An English place-name from the London district, originally meaning “town of Cynesige’s people.”
Kensington is a place name elevated to given name, and its roots are deeply Anglo-Saxon. The toponym derives from "Cynesige's tun" — the settlement or estate of a man named Cynesige, a compound of the Old English elements meaning "royal" (cyne) and "victory" (sige), followed by tun, meaning farm or settlement. The London borough that bears the name has been associated with privilege and refinement since at least the 17th century, when William III relocated the court to Kensington Palace, transforming a quiet village into the epicenter of British royal life.
The palace remains home to members of the Royal Family today, and the neighborhood is synonymous with cream-stuccoed townhouses, world-class museums, and manicured gardens.

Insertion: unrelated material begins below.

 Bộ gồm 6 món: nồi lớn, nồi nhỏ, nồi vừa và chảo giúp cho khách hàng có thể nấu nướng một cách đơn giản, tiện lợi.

As a given name, Kensington is a relatively recent phenomenon driven by the cultural appetite for surname-style and place-name names that signal both worldly sophistication and a particular strain of Anglophile aspiration. It is occasionally shortened to Kenny or Kenzie, the latter giving it an unexpected softness.
The name carries an almost architectural weight — long, formal, stately — that suits it equally to girls and boys, though in contemporary American naming it leans feminine. It speaks to parents who want a name that sounds like a legacy, something handed down through paneled libraries and school ties, even if the family's actual connection to the Royal Borough of Kensington is limited to an admiration from afar.